▶ **WORK INSTRUCTION**:
The data that follows must be transcribed in full and exactly, minus the pictures.

▶ **INPUT DATA**:
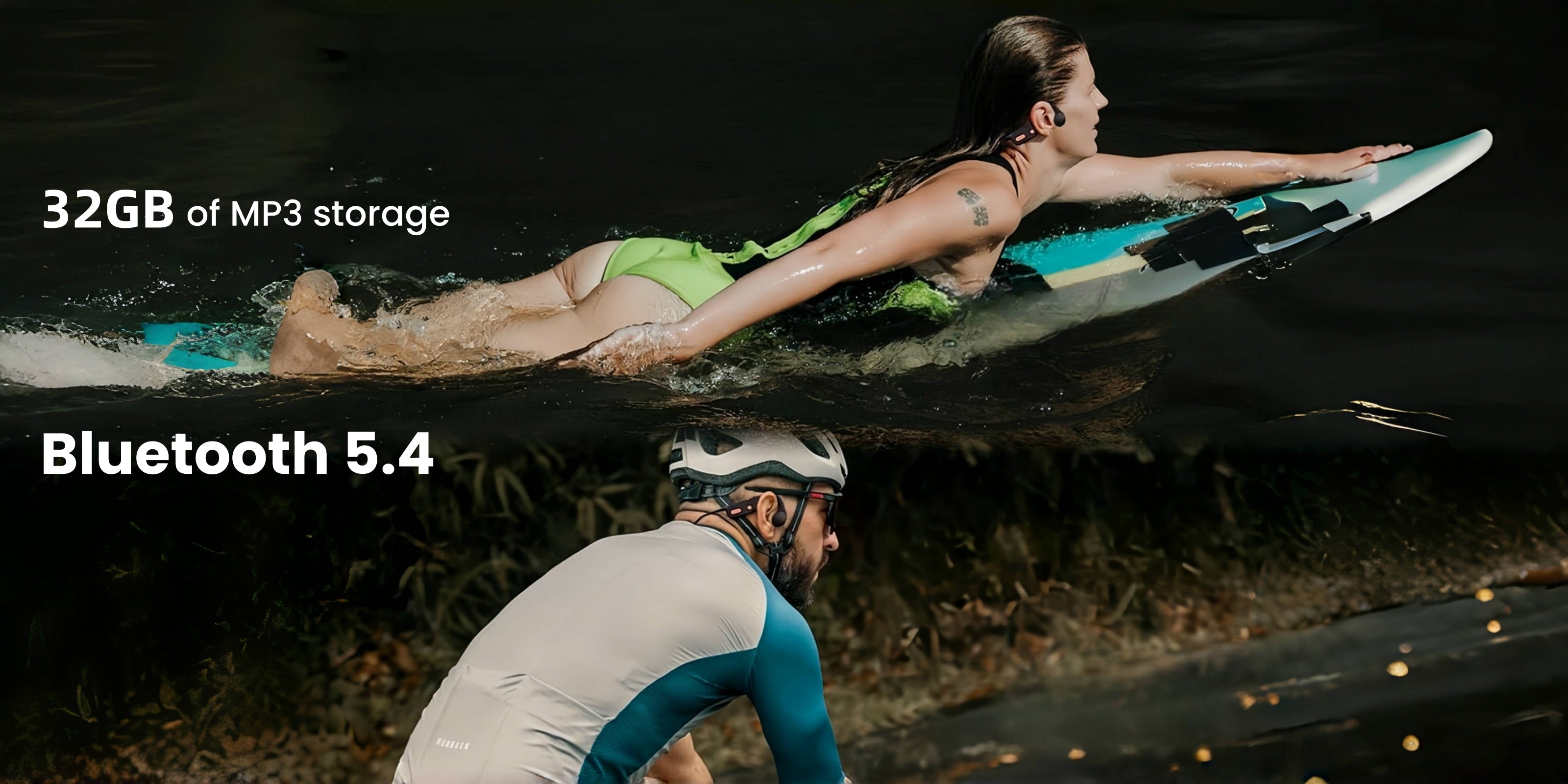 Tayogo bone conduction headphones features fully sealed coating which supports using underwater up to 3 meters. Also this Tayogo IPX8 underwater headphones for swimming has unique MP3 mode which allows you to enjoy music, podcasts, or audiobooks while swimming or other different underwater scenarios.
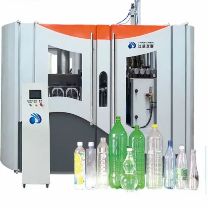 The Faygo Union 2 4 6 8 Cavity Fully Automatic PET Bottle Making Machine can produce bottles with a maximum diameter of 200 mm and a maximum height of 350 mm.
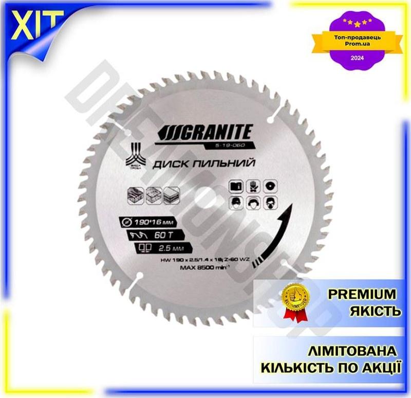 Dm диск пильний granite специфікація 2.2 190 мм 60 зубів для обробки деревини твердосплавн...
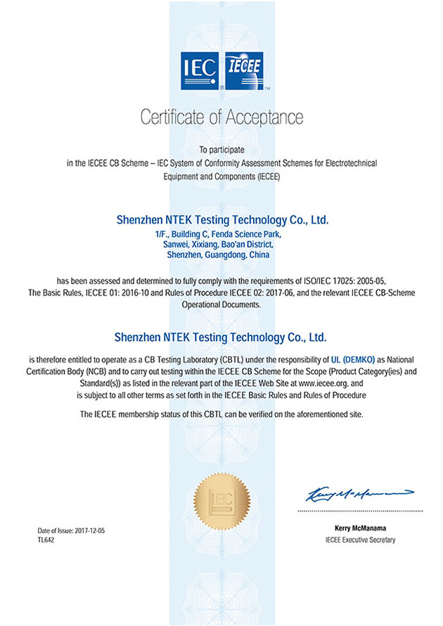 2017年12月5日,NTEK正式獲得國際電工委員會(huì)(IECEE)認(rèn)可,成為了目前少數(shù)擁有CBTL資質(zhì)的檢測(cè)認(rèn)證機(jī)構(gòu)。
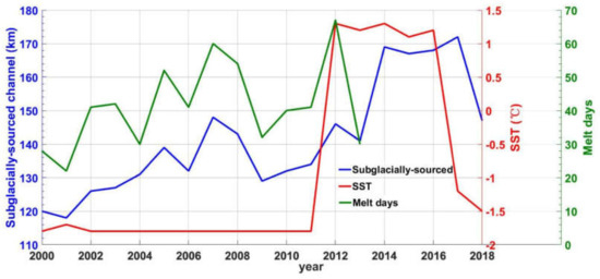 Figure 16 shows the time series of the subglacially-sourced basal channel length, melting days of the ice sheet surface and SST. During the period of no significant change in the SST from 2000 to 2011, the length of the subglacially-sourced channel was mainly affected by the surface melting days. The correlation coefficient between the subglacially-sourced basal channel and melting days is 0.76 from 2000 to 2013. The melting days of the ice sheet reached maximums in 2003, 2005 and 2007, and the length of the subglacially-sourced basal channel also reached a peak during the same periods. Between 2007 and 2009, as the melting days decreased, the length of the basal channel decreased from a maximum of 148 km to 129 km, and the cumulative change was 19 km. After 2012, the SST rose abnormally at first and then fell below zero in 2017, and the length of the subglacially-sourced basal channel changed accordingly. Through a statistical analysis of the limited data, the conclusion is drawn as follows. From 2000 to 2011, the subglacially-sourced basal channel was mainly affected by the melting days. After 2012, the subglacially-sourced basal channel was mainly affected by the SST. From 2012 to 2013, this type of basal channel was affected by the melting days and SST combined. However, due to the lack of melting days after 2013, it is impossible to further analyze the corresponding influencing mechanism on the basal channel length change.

▶ **SOLVED PROBLEM**:
 Tayogo bone conduction headphones features fully sealed coating which supports using underwater up to 3 meters. Also this Tayogo IPX8 underwater headphones for swimming has unique MP3 mode which allows you to enjoy music, podcasts, or audiobooks while swimming or other different underwater scenarios.
 The Faygo Union 2 4 6 8 Cavity Fully Automatic PET Bottle Making Machine can produce bottles with a maximum diameter of 200 mm and a maximum height of 350 mm.
 Dm диск пильний granite специфікація 2.2 190 мм 60 зубів для обробки деревини твердосплавн...
 2017年12月5日,NTEK正式獲得國際電工委員會(huì)(IECEE)認(rèn)可,成為了目前少數(shù)擁有CBTL資質(zhì)的檢測(cè)認(rèn)證機(jī)構(gòu)。
 Figure 16 shows the time series of the subglacially-sourced basal channel length, melting days of the ice sheet surface and SST. During the period of no significant change in the SST from 2000 to 2011, the length of the subglacially-sourced channel was mainly affected by the surface melting days. The correlation coefficient between the subglacially-sourced basal channel and melting days is 0.76 from 2000 to 2013. The melting days of the ice sheet reached maximums in 2003, 2005 and 2007, and the length of the subglacially-sourced basal channel also reached a peak during the same periods. Between 2007 and 2009, as the melting days decreased, the length of the basal channel decreased from a maximum of 148 km to 129 km, and the cumulative change was 19 km. After 2012, the SST rose abnormally at first and then fell below zero in 2017, and the length of the subglacially-sourced basal channel changed accordingly. Through a statistical analysis of the limited data, the conclusion is drawn as follows. From 2000 to 2011, the subglacially-sourced basal channel was mainly affected by the melting days. After 2012, the subglacially-sourced basal channel was mainly affected by the SST. From 2012 to 2013, this type of basal channel was affected by the melting days and SST combined. However, due to the lack of melting days after 2013, it is impossible to further analyze the corresponding influencing mechanism on the basal channel length change.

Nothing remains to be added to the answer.